»»

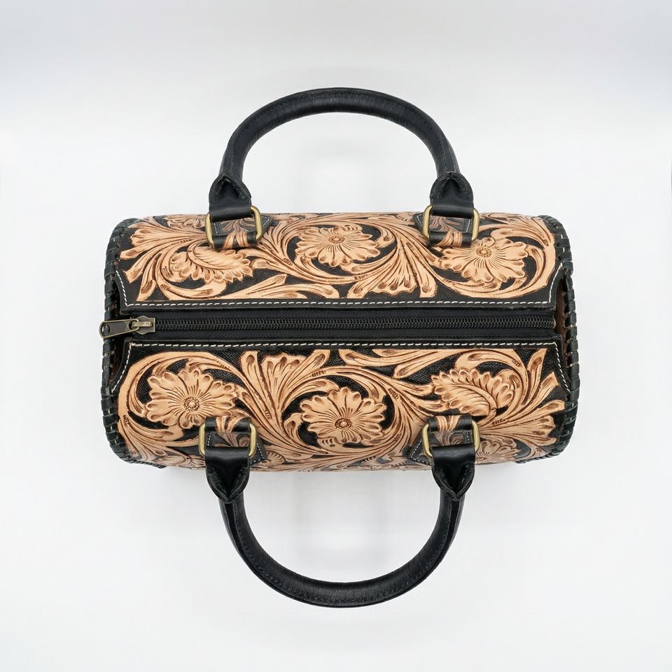 กระเป๋าเดินทางสุดหรูทำมือ ลายดอกไม้สไตล์ตะวันตก หนังแท้แกะสลัก กันน้ำ ขนาดใหญ่จุของได้เยอะ
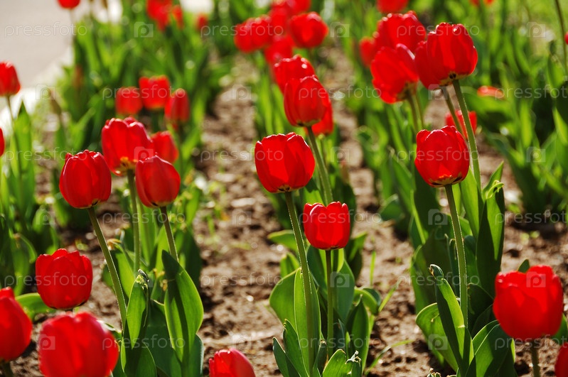 Красные тюльпаны на клумбе в ясный весенний день
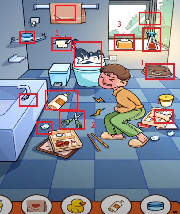おっと!おしっこ圧力で急いでいる男の子。少年の不安の理由は、子犬が便座の上で寝ているからです。猫を邪魔する必要はありません。現時点では、必要に応じて、コレクション アイテムのために猫を起こすための邪魔をする必要があるかどうかを確認します。ここまでで、隠されたオブジェクトを探し始めて、以下のリストを完成させてください。
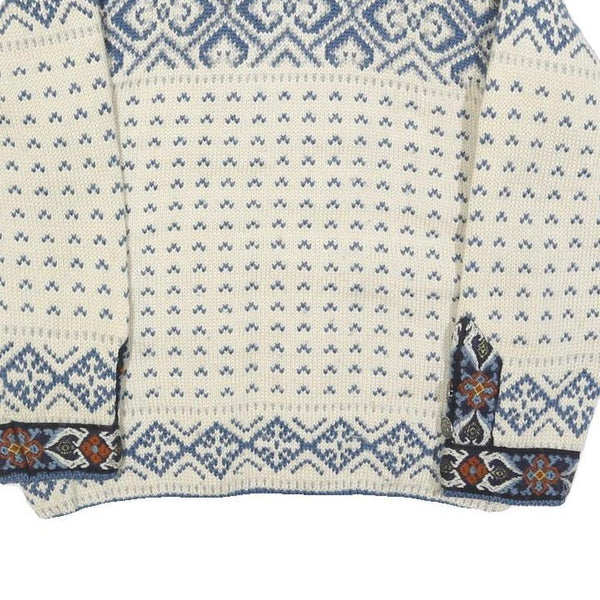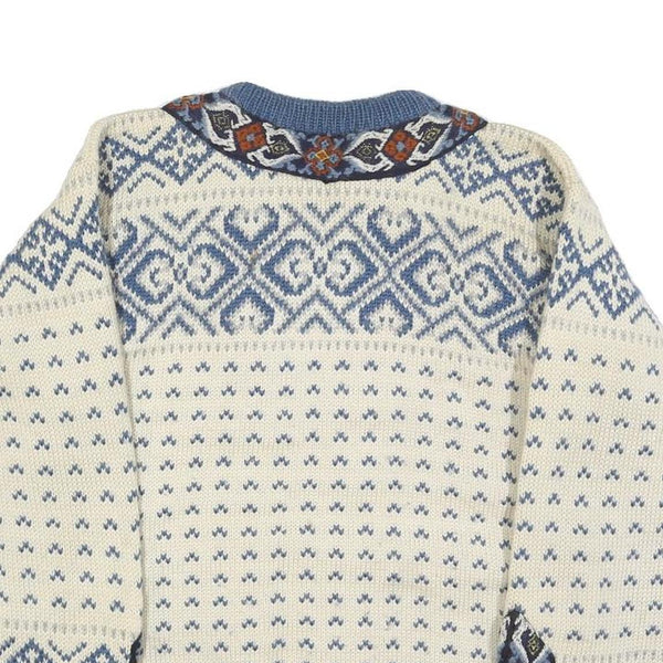 DALE OF NORWAY Womens Cream & Blue Patterned Jumper Round Neck Cable Knit M Wool

««

_What the exercise asks_: Return the full listing above exactly as written, and omit the pictures.

_Result of the task_:
 กระเป๋าเดินทางสุดหรูทำมือ ลายดอกไม้สไตล์ตะวันตก หนังแท้แกะสลัก กันน้ำ ขนาดใหญ่จุของได้เยอะ
 Красные тюльпаны на клумбе в ясный весенний день
おっと!おしっこ圧力で急いでいる男の子。少年の不安の理由は、子犬が便座の上で寝ているからです。猫を邪魔する必要はありません。現時点では、必要に応じて、コレクション アイテムのために猫を起こすための邪魔をする必要があるかどうかを確認します。ここまでで、隠されたオブジェクトを探し始めて、以下のリストを完成させてください。
 DALE OF NORWAY Womens Cream & Blue Patterned Jumper Round Neck Cable Knit M Wool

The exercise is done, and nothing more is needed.